L’évêque de Namur tire la sonnette d’alarme
Bruxelles, 2 juillet 1998 (APIC) Un projet de loi voté le 19 mars par les députés belges, et qui risque de passer bientôt au Sénat, va-t-il instaurer une cohabitation légale entre personnes faisant une déclaration de « vie commune »? L’évêque de Namur, Mgr André-Mutien Léonard, s’en inquiète. Pour lui, ce projet n’est pas aussi innocent qu’il paraît à première vue. C’est, craint-il, « le premier pas – encore timide actuellement – en direction d’une marginalisation du mariage »
L’évêque tire la sonnette d’alarme dans la rubrique « Opinion » du journal « La Libre Belgique » du 2 juillet « La logique de la démarche est – certains parlementaires ne s’en cachent pas – de parvenir un jour à ce que le mariage apparaisse comme une simple forme, parmi d’autres, de ’’cohabitation’’, écrit-il. Réservée à ceux qui ont envie de ce ’’carcan’’ juridique que serait l’institution conjugale… »
Quant à la visée ultime du projet, au moins pour certains, note Mgr Léonard, c’est, « sous la poussée du lobby homosexuel », de parvenir à une reconnaissance légale du « couple » homosexuel, qui l’assimilerait largement au mariage. Car on n’en est pas à une contradiction près, dit-il: « ceux qui marginalisent le mariage ou le discréditent sont les mêmes qui le réclament pour les gays et les lesbiennes! »
Pour l’évêque de Namur, on est en pleine confusion des mots et, plus encore, des réalités. Il nuance: « Ceux et celles qui sont habités par une tendance homosexuelle méritent, en tant que personnes, le respect et si, comme adultes consentants, ils s’engagent dans une relation homosexuelle, la société n’a pas a réprimer leur comportement.
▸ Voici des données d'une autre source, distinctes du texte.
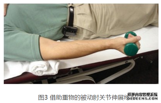 肘关节伸展亦可由患者自行练习,采取坐位,伸肘,拳心向上,将肘部支撑固定于桌面上,小臂及手悬于桌外。肌肉完全放松,使肘在自重或握持哑铃等重物作用下缓慢下垂伸直。伸肘练习主要是帮助肘关节前方软组织的伸展,应注意避免暴力,掌握低负荷(哑铃重量从轻到重,慢慢增加),较长持续时间的原则。

S’ils veulent même se donner mutuellement une sécurité juridique et sociale, ils pourraient bénéficier, comme d’autres, de contrats d’union des biens régis par la loi. Mais aller plus loin et vouloir donner au partenariat homosexuel un statut qui l’assimile peu ou prou au mariage, c’est brouiller les points de repère les plus essentiels de la société, ceux qui permettent aux adultes et aux enfants de se situer les uns par rapport aux autres ».
L’affaire de tous
On n’en est pas encore là? Mgr Léonard renvoie de son côté à l’exemple des Pays-Bas et surtout des pays scandinaves, qui montrent qu »’en ces matières les dérives sont aussi rapides que funestes ». Au moment où l’institution familiale est « fragilisée par les modèles dominants de la culture, pénalisée fiscalement, minée par la banalisation du divorce », il se demande pourquoi, « par surcroît, poser les premiers jalons d’une stratégie qui aboutira à la marginaliser dans ses fondements mêmes ».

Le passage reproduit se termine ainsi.